It’s a clean story. It’s also mostly wrong.
The Mirror, Not the Crack
Social media is many things addictive, manipulative, occasionally brilliant. But to call it the cause of societal division is to confuse the mirror for the face looking into it. The divisions were always there. The racism, the class resentment, the political tribalism, the deep distrust between communities none of it was invented in Silicon Valley. What Silicon Valley did was hand everyone a megaphone and a stage.
Think about it this way. Before smartphones, a racist uncle at the dinner table was a family problem. After smartphones, he’s a Twitter account with 4,000 followers. The uncle didn’t change. The reach did.
The data tells a different story
If social media truly created polarization, you’d expect the most online people to be the most divided. But the data doesn’t support that.
A widely cited 2017 study by economists Levi Boxell, Matthew Gentzkow, and Jesse Shapiro examined polarization trends across different age groups in the United States. They found that political polarization had increased the most among Americans over the age of 65, the demographic least likely to use social media or spend time online. Meanwhile, younger, more internet-savvy generations showed comparatively smaller increases in partisan division.
This is a remarkable finding. If the algorithm was radicalising people, the heavy users should be showing the most strain. They weren’t.
The Pew Research Center has also tracked political polarization in America going back to the 1990s well before Facebook was founded in 2004 or Twitter launched in 2006. The data shows a long, slow, steady drift apart that predates the social media era entirely. The platforms arrived into a country that was already splitting at the seams.
History didn’t need an algorithm
Here’s another inconvenient fact for the “social media broke everything” crowd: history’s most horrific examples of mass division and violence happened without a single notification or newsfeed.
The 1994 Rwandan genocide, in which an estimated 800,000 people were killed in roughly 100 days, was orchestrated largely through radio. Radio Télévision Libre des Mille Collines (RTLM) broadcast ethnic hatred, named individuals, and directed killers to specific locations all through the oldest of broadcast technologies. No algorithm. No engagement metric. Just a microphone and a willing audience.
Division, when it runs deep enough, will find its medium. Social media is today’s medium. But it did not plant the seed.
So what is social media actually doing?
This is where we have to be careful, because dismissing social media’s role entirely would be its own form of dishonesty.
Platforms do amplify. Outrage travels faster than nuance not because of some conspiracy, but because that’s simply what gets clicks. A 2018 study published in Science by researchers at MIT found that false news spreads significantly faster and more broadly on Twitter than accurate news, largely because it tends to be more novel and emotionally charged. The problem isn’t that the platforms invented this tendency in human nature. It’s that they monetised it.

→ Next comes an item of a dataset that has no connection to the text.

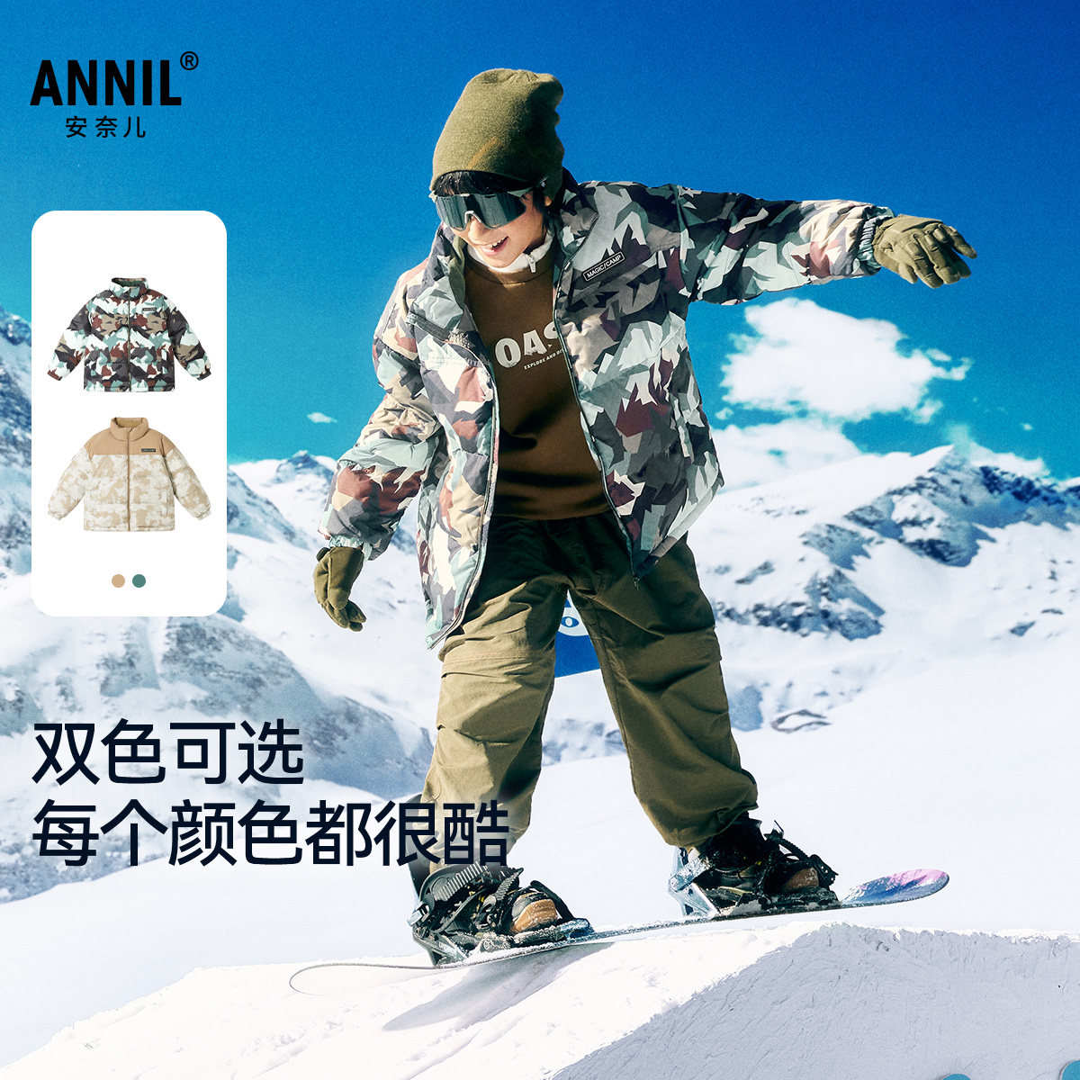安奈儿童装男童短款羽绒服冬迷彩印花保暖三防宽松休闲时尚
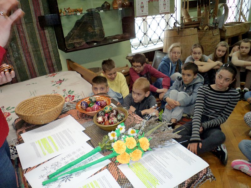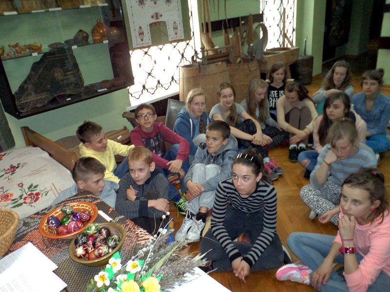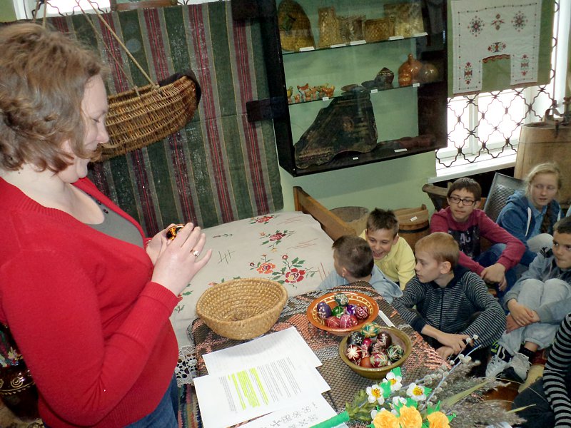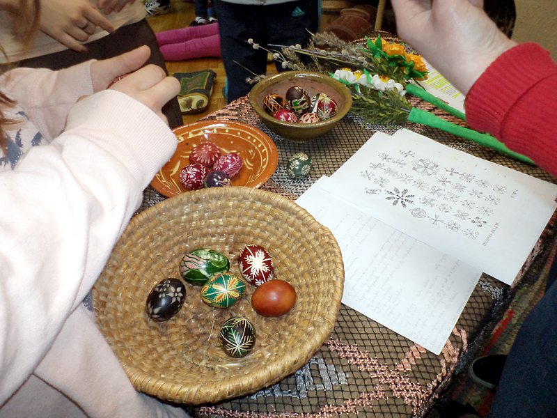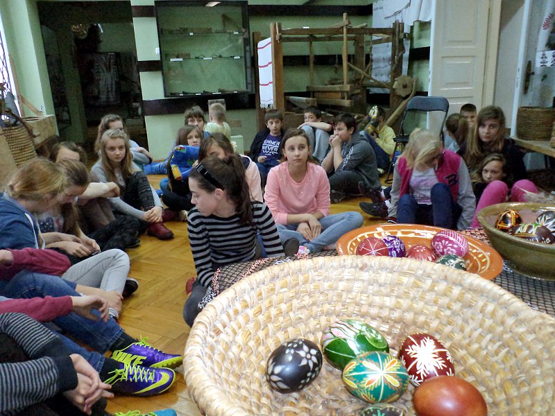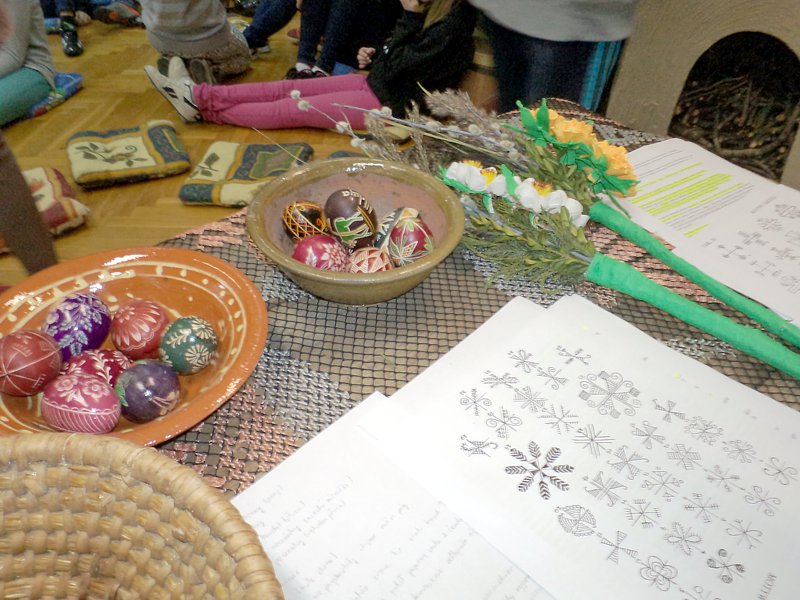Ciekawostką była opowieść o jajkach - pisankach wykonywanych przez słynnego jubilera Faberge. Ich wartość przekracza obecnie kwotę 30 milionów dolarów. Na uwagę zasługuje fakt, że ostatnio znaleziono jedno z nich na ... targu staroci. Później p. B. Bitner zaczęła opowiadać o zwyczajach świątecznych, które w wielu regionach przetrwały po dzień dzisiejszy. Szczególnym zainteresowaniem cieszyło się to, co związane było z potrawami, śmigusem-dyngusem, z zabawami przy stole i na świeżym powietrzu.

Eli Pariser, who coined the term “filter bubble” in his 2011 book of the same name, warned that personalisation algorithms create echo chambers where people are only shown information that confirms what they already believe. This is real, and it matters. But a filter bubble is not a cause, it’s an accelerant. You need existing fire before a filter bubble can fan the flames.

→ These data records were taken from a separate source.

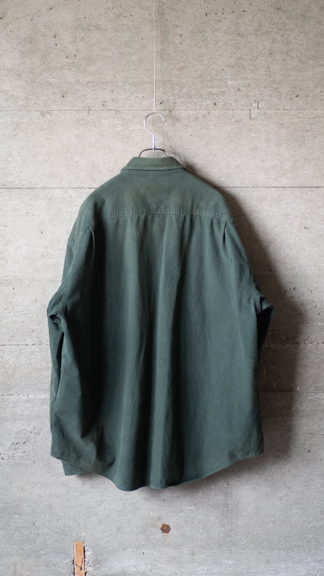 このシャツはいわゆるシャモアクロス(Chamois)で仕立てられていて、タグに記載されている「DEERSKIN SOFT」=鹿皮革の様に柔らかい、という表現の様にふっくらとした柔らかい起毛コットンの素材です。シャモアクロスシャツは、元々20世紀初頭のアメリカで生まれた厚手コットンのワークシャツ。シャモアは、フランス語でカモシカを意味するように、元々はレザーシャツでしたが、時代が進むにつれて鹿革のような手触りを持つ起毛コットン生地が作られ、保温性・耐久性・柔らかさを兼ね備え、林業、鉱山、鉄道作業を行う労働者向けの作業着として広がっていった歴史があります。
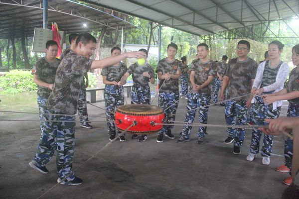 下午,教练为我们安排了“鼓舞飞扬”拓展项目。想让一个小球在鼓面上不断跳跃,这可不是一件容易的事。每个队伍都集中智慧,在教练规定的练习时间里总结了方法和技巧,在小组比赛中竟然有队伍一次颠了50个球,这样的好成绩赢得了大家热烈的掌声。同时,每个队的成员通过这个挑战更加默契了。
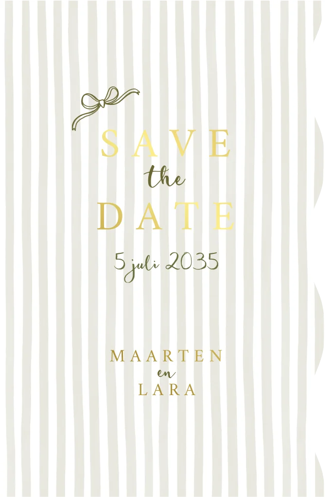 Deze stijlvolle save the date kaart met golfrand aan de zijkant en minimalistisch streepjes patroon is de perfecte aankondiging voor jullie bruiloft. Deze Save the date past prachtig bij de bijpassende trouwkaart met golfrand en geeft een mooi voorproefje van de uitnodiging. Pas de kaart helemaal naar wens aan. Hulp nodig? Mail even!
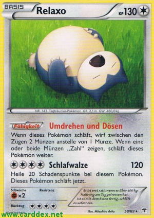 Wenn dieses Pokémon schläft, wirf zwischen den Zügen 2 Münzen anstelle von 1 Münze. Wenn eine oder beide Münzen „Zahl“ zeigen, schläft dieses Pokémon weiter.

Blame the house, not the mirror
The deeper problem is that we find it comforting to blame technology. It lets us off the hook. If Facebook broke democracy, then deleting Facebook fixes democracy. That’s a far more soothing thought than accepting that the fractures in our societies are the result of decades of inequality, institutional failure, eroded trust, and political negligence that can’t be solved by updating an algorithm.
Social media handed us a mirror and we’re furious at our own reflection.
Understanding this distinction matters enormously because it changes what we must do next. If the problem is the platform, we regulate the platform and call it a day. But if the problem is the society, its inequality, its grievances, its unheard communities then the work is far harder, far longer, and far more important than anything a content moderation team can handle.
The feed didn’t break us. We were already cracked. Now, at least, we can see exactly where.